Wednesday, March 30, 2011

the railroading of amanda knox



the american student convicted last year for murder in italy. google her name to refresh your memory.

i'm not often shocked and ashamed of my own ignorance, but i should be. i discovered soon after high school american actions against indians and citizens of other countries had been completely whitewashed. for example, the 45 caliber pistol developed against phillipine rebels trying to kick the yankees out after the spanish-american war. the native fighters tightened barbs around the leg so tightly they could feel no pain when bullets hit them. the 45 so powerful it blew them apart and backwards. so much for helping peoples rebel against tyrants.

and i really should have no illusions about the u.s. press. gore vidal said he'd never read anything positive in our newspapers about another country. and look at the slanders against the french for not invading iraq with us. irony, irony, now the french have drawn us into helping al queda in libya.

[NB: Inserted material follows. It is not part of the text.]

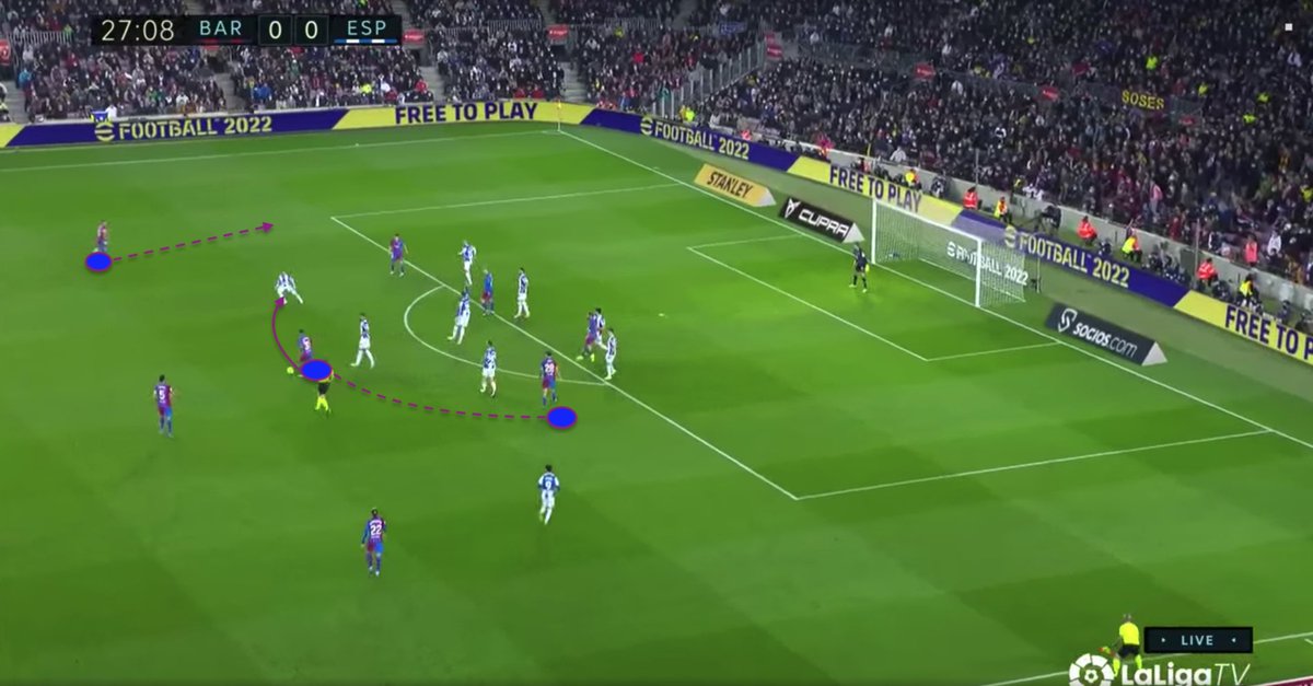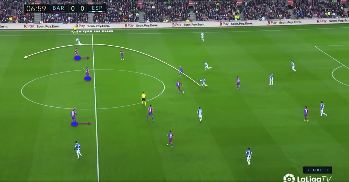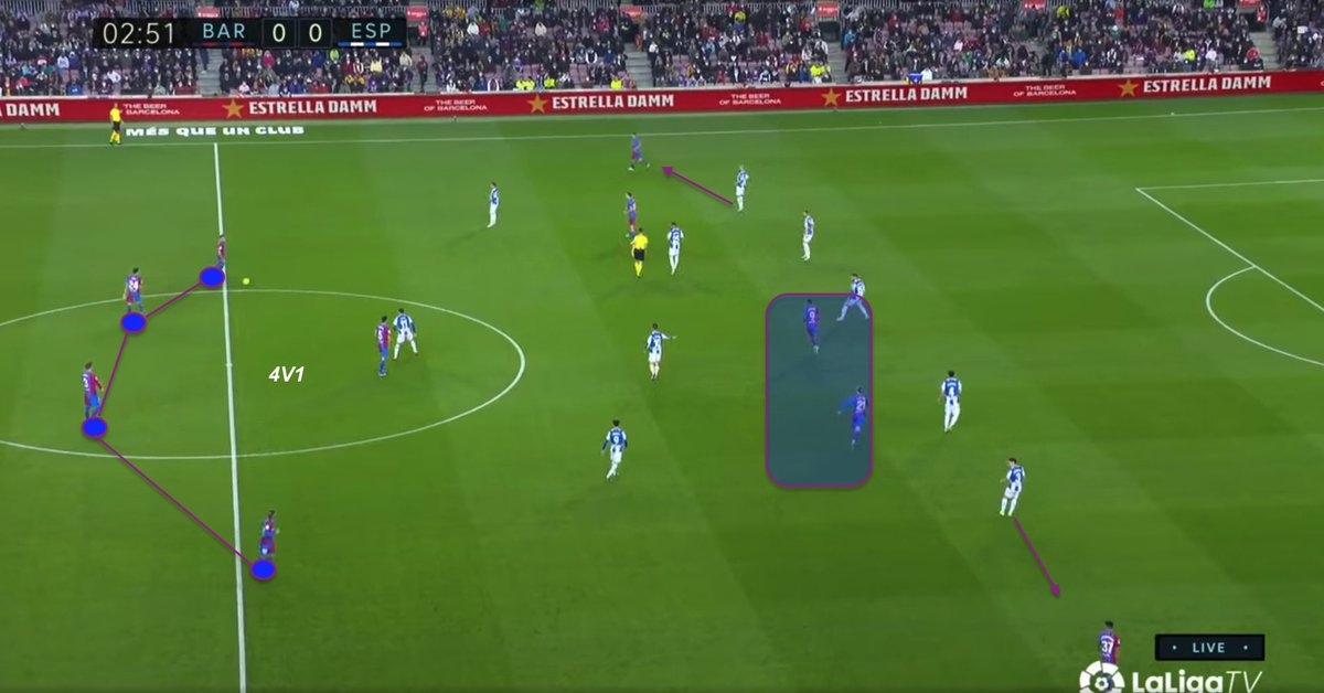 Barca frequently ended up in numerical superiority to catalyze build up.
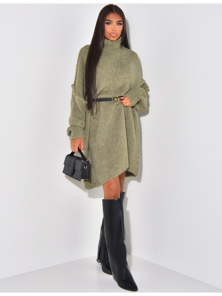 - Mittellanges Kleid, lange Ärmel, hoher Kragen,

instances of injustice abound, of course. take roman polanski, the polish director who had sex with a thirteen year old. he confessed enough to go for a psychiatric evaluation among known killers. the judge, however, worried about the press, decided to pursue him into prison anyway. the film-maker fled abroad for good reason, yet pilloried in this country ever since as a renegade. i dare anyone to watch the documentary
and still believe he got a fair deal.


or take the novel by phillip kerr A Quiet Flame: A Novel (Bernie Gunther Novels) where i felt sick at the end. the argentinians built gas chambers and killed thousands of jewish refugees escaping from germany. (you can watch the play magic fire about a jewish family relocated to buenos aires and the threat of death they ran into. a very moving piece.)

yes, i should not be surprised by the afterward to the nonfiction The Monster of Florence by douglas preston and mario spezi where the authors reveal the desperate, dirty shenanigans of the italian prosecutor in previous cases, the knox case not even gone to trial. and the whole frame-up even convinced me she must be guilty, to my utter shame. the story so vividly presented i wanted the girl convicted.

now i have to back-up and assess my own guilt. innocent until proven guilty, the rule still holds long as presented in the constitution (or is it not in that document?) if not in the media.